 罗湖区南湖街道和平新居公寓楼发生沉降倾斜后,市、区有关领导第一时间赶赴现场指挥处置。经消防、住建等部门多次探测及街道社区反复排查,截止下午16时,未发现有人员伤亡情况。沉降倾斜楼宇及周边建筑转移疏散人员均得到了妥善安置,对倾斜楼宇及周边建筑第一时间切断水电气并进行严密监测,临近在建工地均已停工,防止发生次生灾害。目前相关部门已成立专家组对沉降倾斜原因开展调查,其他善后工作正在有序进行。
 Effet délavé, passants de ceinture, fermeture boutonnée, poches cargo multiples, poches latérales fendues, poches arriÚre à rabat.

-=-=-=-=-

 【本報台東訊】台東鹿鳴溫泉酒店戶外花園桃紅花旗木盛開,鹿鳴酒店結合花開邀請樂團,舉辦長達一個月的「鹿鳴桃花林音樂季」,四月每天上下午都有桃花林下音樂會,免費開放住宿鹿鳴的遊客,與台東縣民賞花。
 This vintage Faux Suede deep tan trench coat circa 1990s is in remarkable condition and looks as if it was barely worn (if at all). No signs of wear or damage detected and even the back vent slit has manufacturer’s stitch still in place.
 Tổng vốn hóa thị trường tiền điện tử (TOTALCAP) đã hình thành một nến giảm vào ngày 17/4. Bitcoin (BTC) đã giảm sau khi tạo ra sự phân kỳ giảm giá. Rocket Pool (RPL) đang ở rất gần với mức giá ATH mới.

-=-=-=-=-

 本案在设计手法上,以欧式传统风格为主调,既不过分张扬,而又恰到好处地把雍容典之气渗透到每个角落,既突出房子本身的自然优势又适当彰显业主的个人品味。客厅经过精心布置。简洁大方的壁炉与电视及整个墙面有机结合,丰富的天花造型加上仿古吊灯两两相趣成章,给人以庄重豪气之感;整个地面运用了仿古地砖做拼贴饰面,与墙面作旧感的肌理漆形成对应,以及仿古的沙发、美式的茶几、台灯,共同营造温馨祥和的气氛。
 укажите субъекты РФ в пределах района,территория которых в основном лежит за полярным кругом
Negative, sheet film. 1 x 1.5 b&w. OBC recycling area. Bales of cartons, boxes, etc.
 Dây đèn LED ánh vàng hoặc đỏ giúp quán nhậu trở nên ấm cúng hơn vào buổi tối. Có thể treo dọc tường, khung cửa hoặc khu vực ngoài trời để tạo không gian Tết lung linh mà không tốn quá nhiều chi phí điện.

-=-=-=-=-

(YOUR INSTRUCTIONS): Lines holding the word "điện" are the answer; copy each one from the records above.

(TASK OUTPUT):
 Tổng vốn hóa thị trường tiền điện tử (TOTALCAP) đã hình thành một nến giảm vào ngày 17/4. Bitcoin (BTC) đã giảm sau khi tạo ra sự phân kỳ giảm giá. Rocket Pool (RPL) đang ở rất gần với mức giá ATH mới.
 Dây đèn LED ánh vàng hoặc đỏ giúp quán nhậu trở nên ấm cúng hơn vào buổi tối. Có thể treo dọc tường, khung cửa hoặc khu vực ngoài trời để tạo không gian Tết lung linh mà không tốn quá nhiều chi phí điện.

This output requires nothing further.